The Royal Family eventually reaches the now burned Kingdom of New Arctilan and mourn the death of its citizens. Karnak, who can see the flaw in all things, is then sent to the Kree Commander to relay a message from Black Bolt, learning in the process that the Kree intend to rebuild Hala and enslave the Inhumans as their intended soldiers and slaves. The Kree Commander explains how they dispatched Ronan the Accuser as leader of the Kree after Hala was placed in ruin by Mister Knife and have begun to forge a new life. When asked to kneel, Karnak doesn’t. Instead, he does his best to fend off Vox only for the Super-Inhuman is able to subdue Karnak. As Black Bolt arrives, he walks through the halls of the Kree base speaking every name of the fallen Inhumans, making it a song about death. Eventually, it comes down to just Black Bolt vs. Vox who's holding Karnak as a shield. Black Bolt signs to Karnak to have Vox take him instead. Vox apparently accepts the change as he teleports himself behind Black Bolt. Before Karnak’s very eyes, Vox slits Black Bolt’s throat.

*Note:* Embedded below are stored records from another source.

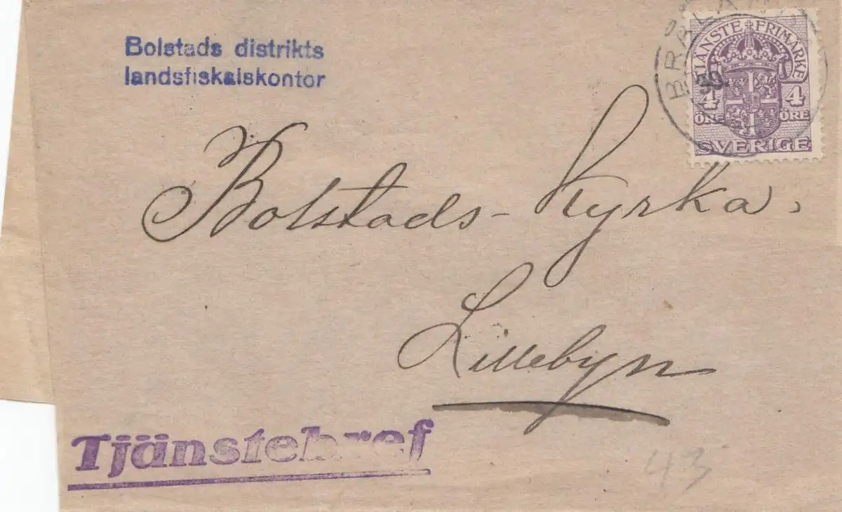 Suède: Streifband: Bolstads districts landsfiskalkontor
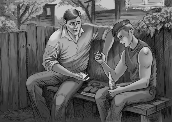 Глеб вышел на задворки и сел на лавочку рядом с Юркой.
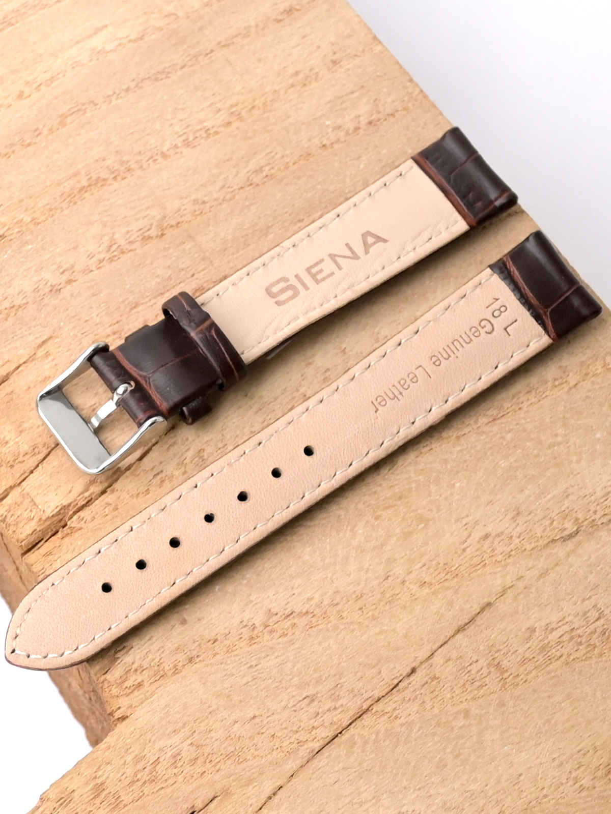 Ремешок Siena из натуральной кожи для наручных часов. Ширина крепления: 18 мм. Ширина пряжки: 16 мм. Длина большей части: 120 мм. Длина меньшей части без застежки: 80 мм. Пряжка выполнена из нержавеющей стали.
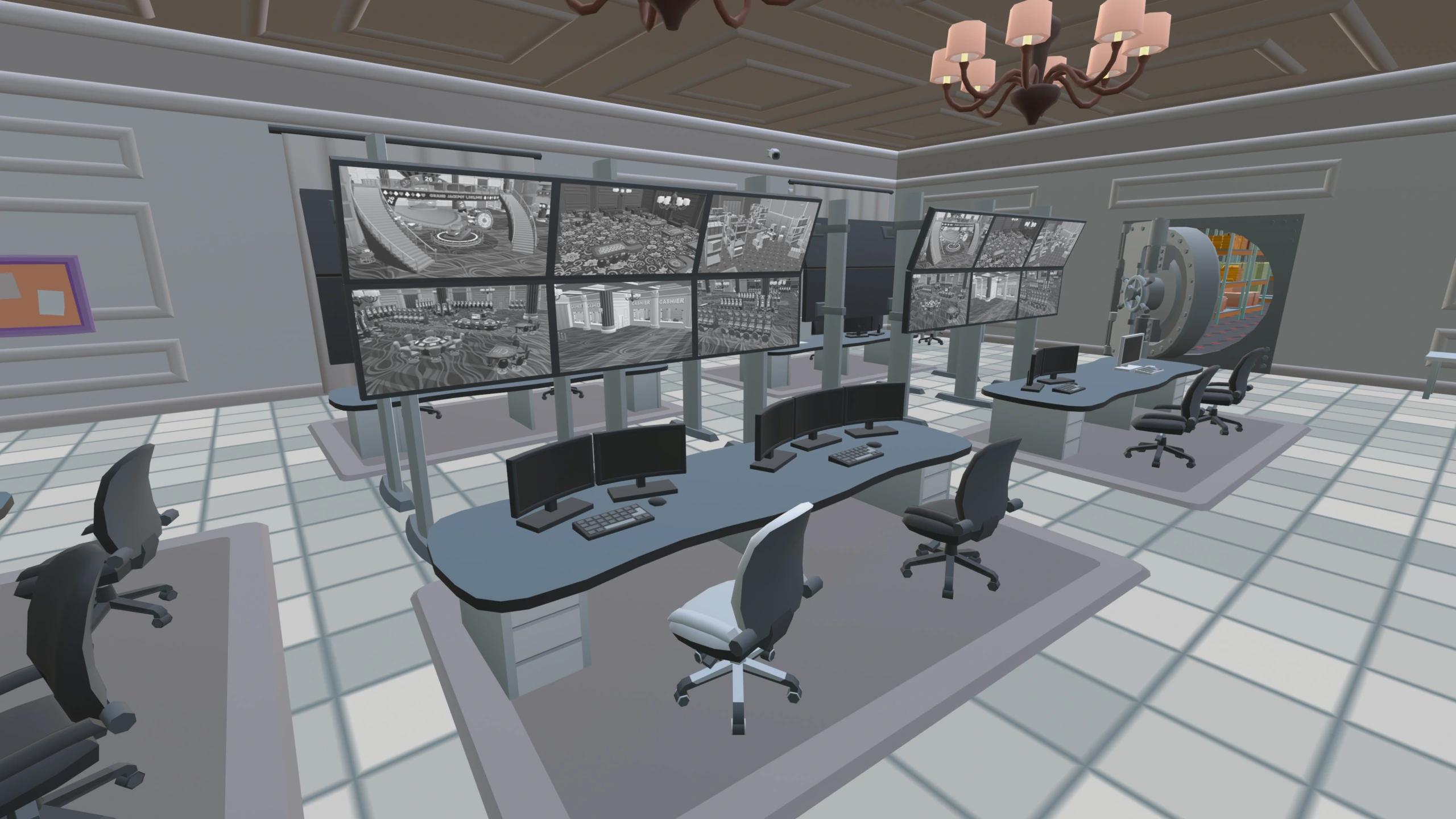 Beyond the gaming floor: reception, cloakroom, cashier, bar, VIP lounge, storage, restrooms, vault, security room, kitchen, and performance stage. - Camera Versatility
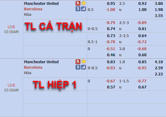 Tỷ lệ chấp 1/2 của Barcelona trên sàn giao dịch châu Á vẫn được nhà cái giữ cho tới thời điểm hiện tại và mức điểm ăn cũng không có biến động nào đáng kể. Ngược lại thì bên phía tỷ lệ tổng bàn thắng cả trận, mức tỷ lệ chính 2 3/4 thời điểm chiều nay đã được thay thể bằng tỷ lệ 2 1/2 thời điểm hiện tại.
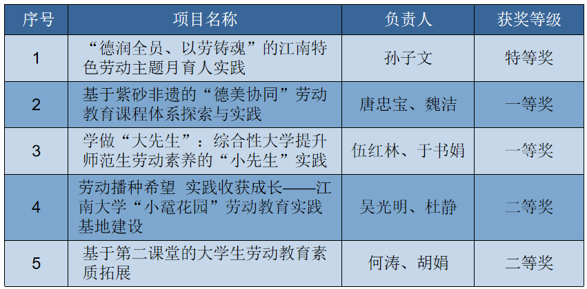 近日,江苏省高等教育学会发布了《关于2022年江苏省高等学校劳动教育优秀实践项目评选结果的通知》(苏高教会〔2023〕5号),我校申报的5个项目均获奖,其中特等奖1项,一等奖和二等奖各2项,江南大学荣获优秀组织奖,获评总数位居全省高校前列。

The Kree take Black Bolt prisoner and repair the damage done to his throat without using any sedatives or anesthesia to dull the pain which prompted them to think that Black Bolt's great power is gone when he doesn't scream and therefore the prophecy about the Midnight King is no longer a threat to the Kree. However, while being transported, it turns out he still has his voice, but its faint. After killing several Kree, Black Bolt secures a firearm and finds Ronan the Accuser alive. However, he is a prisoner of Vox and having been experimented on alongside the Kree soldiers that are loyal to Ronan. Black Bolt learns of this when he sees that Ronan has been converted to a cyborg. At Ronan’s request, Black Bolt enables him a mercy killing by whispering "You are forgiven." Elsewhere, Medusa and the surviving Inhuman Royal Family members try to recruit Beta Ray Bill in their fight against Vox and the Kree.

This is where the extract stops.